Recorded data
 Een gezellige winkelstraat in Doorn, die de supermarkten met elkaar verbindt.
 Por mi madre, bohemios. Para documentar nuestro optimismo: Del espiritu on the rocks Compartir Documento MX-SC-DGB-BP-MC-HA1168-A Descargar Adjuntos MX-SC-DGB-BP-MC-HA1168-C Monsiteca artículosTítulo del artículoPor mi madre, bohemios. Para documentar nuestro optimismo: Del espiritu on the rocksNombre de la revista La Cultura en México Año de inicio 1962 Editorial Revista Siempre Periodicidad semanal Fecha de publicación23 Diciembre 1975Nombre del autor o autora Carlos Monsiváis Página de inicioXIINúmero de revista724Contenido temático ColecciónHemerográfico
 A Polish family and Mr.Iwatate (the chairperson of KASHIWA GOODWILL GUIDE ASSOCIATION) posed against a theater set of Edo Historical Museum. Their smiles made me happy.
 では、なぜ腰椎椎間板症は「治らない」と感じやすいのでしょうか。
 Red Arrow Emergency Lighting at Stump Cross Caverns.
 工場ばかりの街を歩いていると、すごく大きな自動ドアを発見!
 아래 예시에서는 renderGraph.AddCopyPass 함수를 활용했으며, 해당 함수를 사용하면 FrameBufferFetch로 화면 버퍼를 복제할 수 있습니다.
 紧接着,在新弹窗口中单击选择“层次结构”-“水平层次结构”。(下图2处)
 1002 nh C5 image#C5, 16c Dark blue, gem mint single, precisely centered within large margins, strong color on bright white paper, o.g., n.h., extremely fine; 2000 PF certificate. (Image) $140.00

* * *

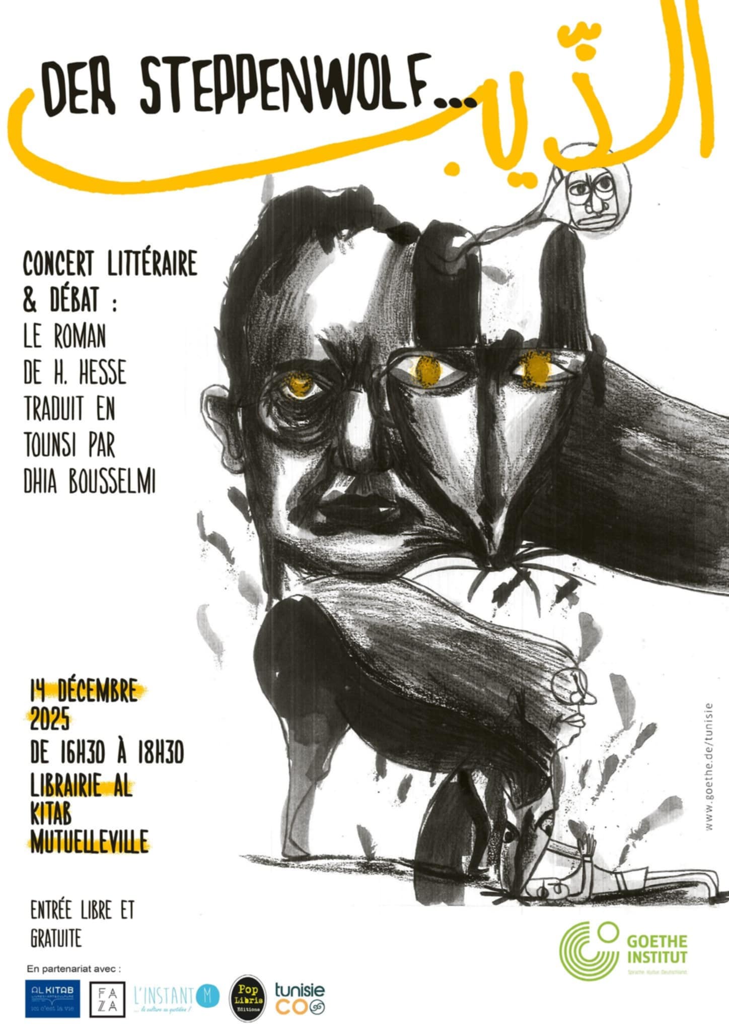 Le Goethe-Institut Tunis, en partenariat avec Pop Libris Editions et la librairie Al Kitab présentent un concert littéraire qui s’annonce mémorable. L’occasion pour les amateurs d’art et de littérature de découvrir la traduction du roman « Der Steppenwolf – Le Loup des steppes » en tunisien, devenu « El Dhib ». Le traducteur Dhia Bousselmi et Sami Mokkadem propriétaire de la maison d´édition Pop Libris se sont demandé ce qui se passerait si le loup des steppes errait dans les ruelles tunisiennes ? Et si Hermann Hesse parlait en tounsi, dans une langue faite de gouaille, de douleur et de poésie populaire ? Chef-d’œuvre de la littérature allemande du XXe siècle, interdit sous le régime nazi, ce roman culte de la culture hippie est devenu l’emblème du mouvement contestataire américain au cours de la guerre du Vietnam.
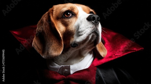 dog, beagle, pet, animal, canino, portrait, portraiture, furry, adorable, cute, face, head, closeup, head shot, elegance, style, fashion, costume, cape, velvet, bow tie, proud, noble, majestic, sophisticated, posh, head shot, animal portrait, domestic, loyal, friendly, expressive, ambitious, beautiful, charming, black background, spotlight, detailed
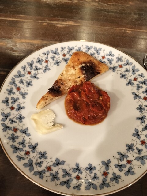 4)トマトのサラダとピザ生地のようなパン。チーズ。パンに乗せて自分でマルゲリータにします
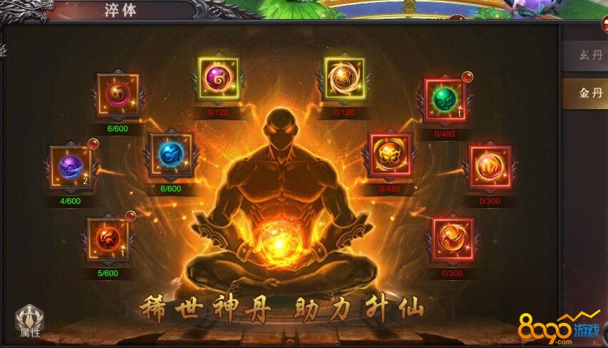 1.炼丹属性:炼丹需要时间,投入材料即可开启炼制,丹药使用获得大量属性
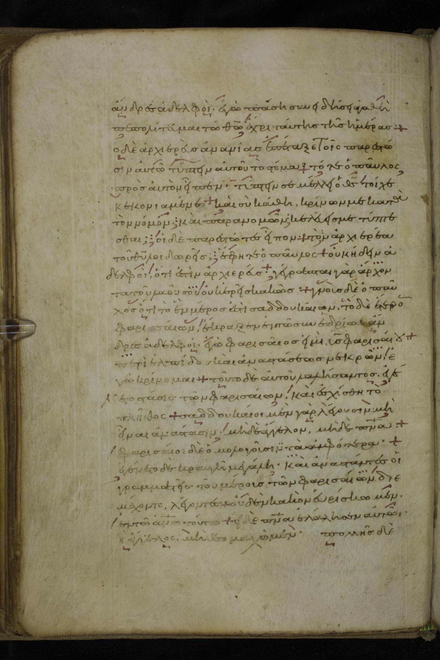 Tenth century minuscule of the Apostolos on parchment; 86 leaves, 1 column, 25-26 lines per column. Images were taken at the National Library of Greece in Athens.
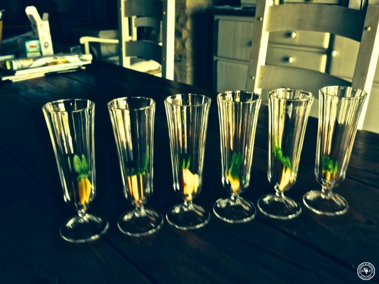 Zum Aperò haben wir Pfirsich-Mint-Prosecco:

- DESCRIPTION OF THE TASK
Pictures excluded, reproduce only the part above that opens with the line holding "1.炼丹属性:炼丹需要时间,投入材料即可开启炼制,丹药使用获得大量属性" and closes with the line holding "Zum Aperò haben", exactly as written.

- RESPONSE
 1.炼丹属性:炼丹需要时间,投入材料即可开启炼制,丹药使用获得大量属性
 Tenth century minuscule of the Apostolos on parchment; 86 leaves, 1 column, 25-26 lines per column. Images were taken at the National Library of Greece in Athens.
 Zum Aperò haben wir Pfirsich-Mint-Prosecco:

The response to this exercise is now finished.